● Work required
Exactly the lines from the one containing "There is no" through the one containing "अर्घाखाँची । अर्घाखाँची" in the listing below are to be copied, with the pictures left out.

● Data for this task
____

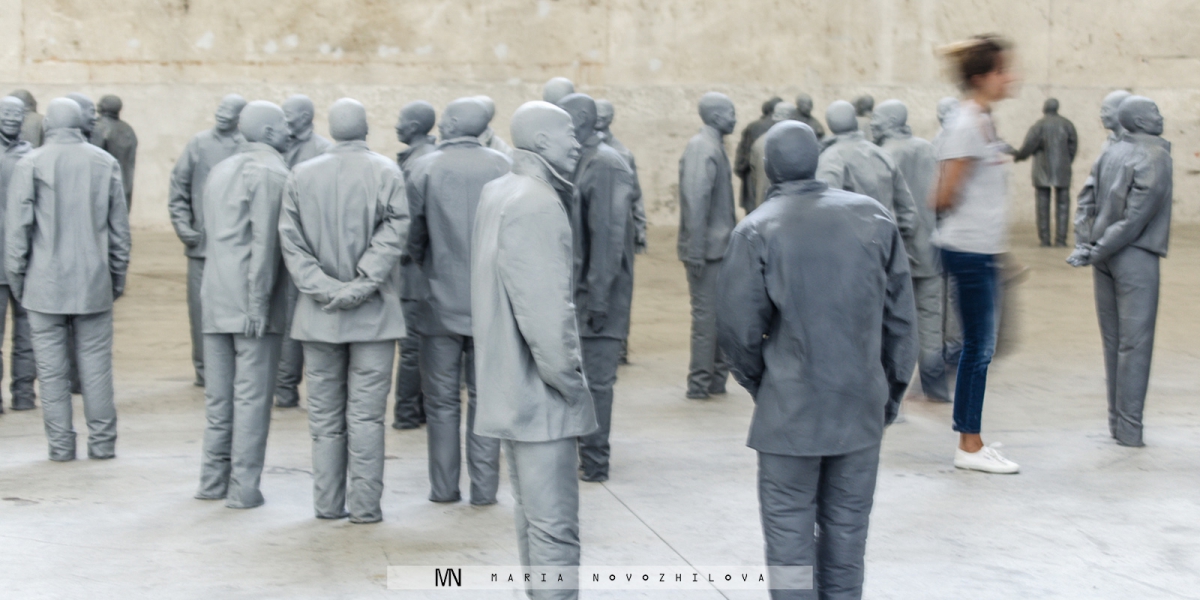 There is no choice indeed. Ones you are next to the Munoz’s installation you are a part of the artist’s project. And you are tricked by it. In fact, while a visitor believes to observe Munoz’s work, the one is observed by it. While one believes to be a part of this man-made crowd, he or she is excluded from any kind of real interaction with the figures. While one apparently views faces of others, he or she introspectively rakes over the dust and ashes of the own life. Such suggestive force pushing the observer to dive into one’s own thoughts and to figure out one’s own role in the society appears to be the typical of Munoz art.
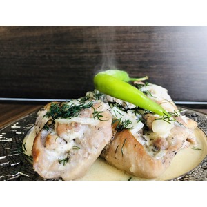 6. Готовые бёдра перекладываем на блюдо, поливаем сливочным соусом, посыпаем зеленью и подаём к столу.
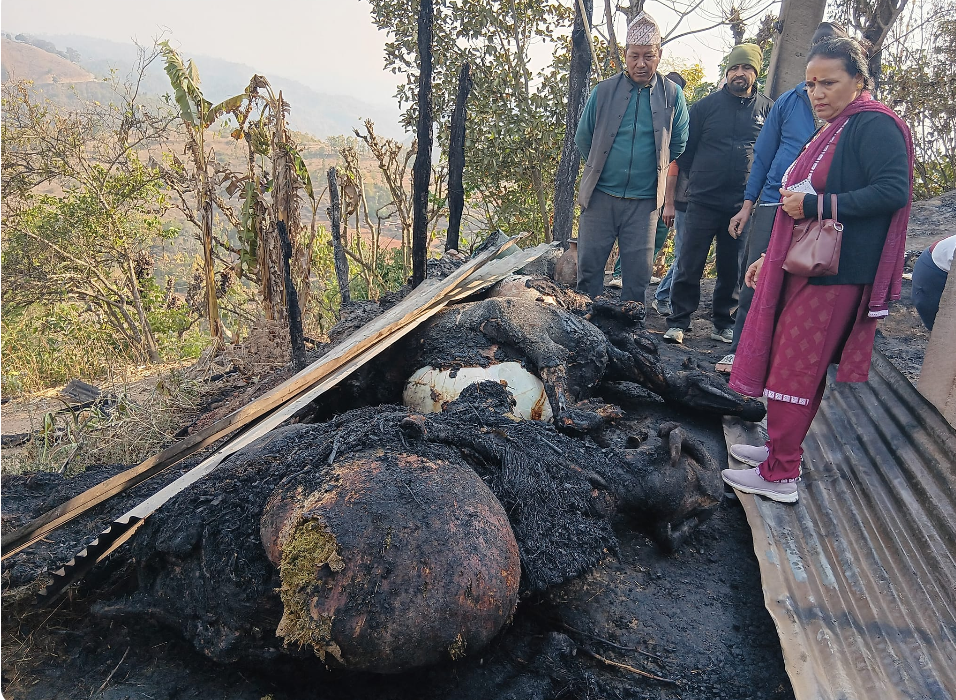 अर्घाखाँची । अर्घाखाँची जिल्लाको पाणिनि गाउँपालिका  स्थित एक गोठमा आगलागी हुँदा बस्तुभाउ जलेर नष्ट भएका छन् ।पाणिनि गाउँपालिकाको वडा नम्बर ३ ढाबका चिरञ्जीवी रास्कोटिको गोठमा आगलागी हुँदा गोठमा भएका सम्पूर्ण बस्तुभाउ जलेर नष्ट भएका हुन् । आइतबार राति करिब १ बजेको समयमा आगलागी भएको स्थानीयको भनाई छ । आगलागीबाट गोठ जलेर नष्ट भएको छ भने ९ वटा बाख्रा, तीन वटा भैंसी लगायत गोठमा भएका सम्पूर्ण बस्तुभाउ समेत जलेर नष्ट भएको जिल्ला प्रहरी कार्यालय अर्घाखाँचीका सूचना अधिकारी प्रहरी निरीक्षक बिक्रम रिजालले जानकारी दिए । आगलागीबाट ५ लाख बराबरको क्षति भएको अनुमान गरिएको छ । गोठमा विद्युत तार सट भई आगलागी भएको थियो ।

____

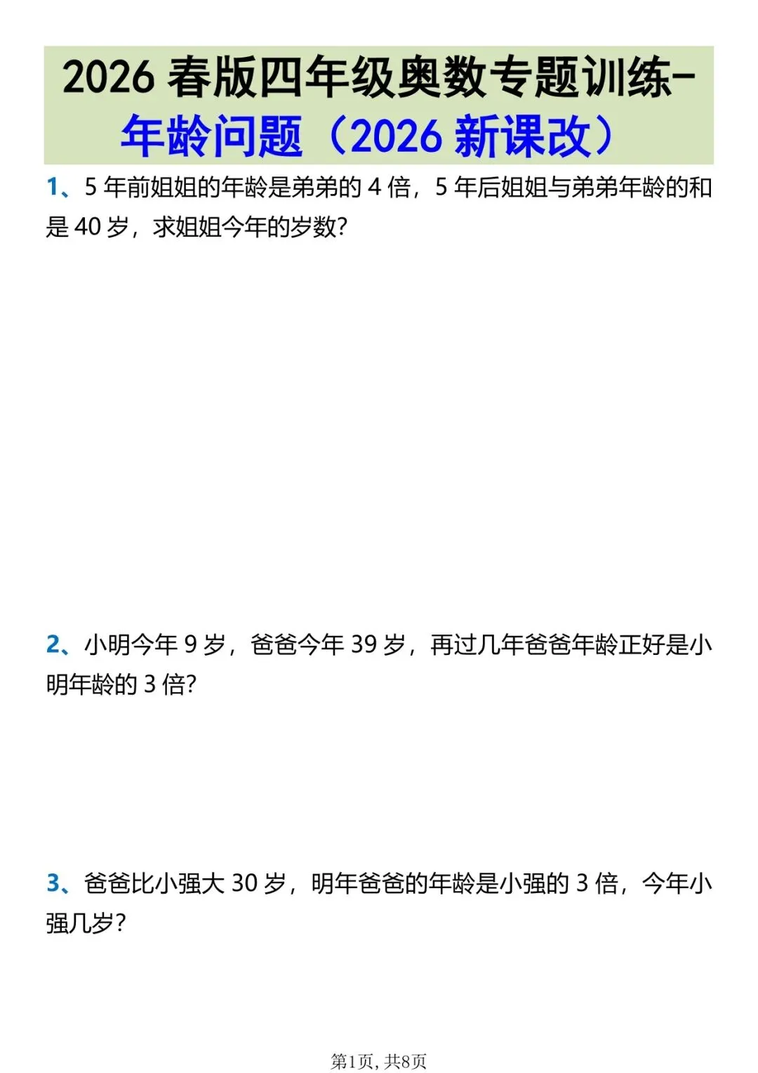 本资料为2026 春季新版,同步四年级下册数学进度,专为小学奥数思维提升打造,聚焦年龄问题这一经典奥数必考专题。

____

● Finished task
 There is no choice indeed. Ones you are next to the Munoz’s installation you are a part of the artist’s project. And you are tricked by it. In fact, while a visitor believes to observe Munoz’s work, the one is observed by it. While one believes to be a part of this man-made crowd, he or she is excluded from any kind of real interaction with the figures. While one apparently views faces of others, he or she introspectively rakes over the dust and ashes of the own life. Such suggestive force pushing the observer to dive into one’s own thoughts and to figure out one’s own role in the society appears to be the typical of Munoz art.
 6. Готовые бёдра перекладываем на блюдо, поливаем сливочным соусом, посыпаем зеленью и подаём к столу.
 अर्घाखाँची । अर्घाखाँची जिल्लाको पाणिनि गाउँपालिका  स्थित एक गोठमा आगलागी हुँदा बस्तुभाउ जलेर नष्ट भएका छन् ।पाणिनि गाउँपालिकाको वडा नम्बर ३ ढाबका चिरञ्जीवी रास्कोटिको गोठमा आगलागी हुँदा गोठमा भएका सम्पूर्ण बस्तुभाउ जलेर नष्ट भएका हुन् । आइतबार राति करिब १ बजेको समयमा आगलागी भएको स्थानीयको भनाई छ । आगलागीबाट गोठ जलेर नष्ट भएको छ भने ९ वटा बाख्रा, तीन वटा भैंसी लगायत गोठमा भएका सम्पूर्ण बस्तुभाउ समेत जलेर नष्ट भएको जिल्ला प्रहरी कार्यालय अर्घाखाँचीका सूचना अधिकारी प्रहरी निरीक्षक बिक्रम रिजालले जानकारी दिए । आगलागीबाट ५ लाख बराबरको क्षति भएको अनुमान गरिएको छ । गोठमा विद्युत तार सट भई आगलागी भएको थियो ।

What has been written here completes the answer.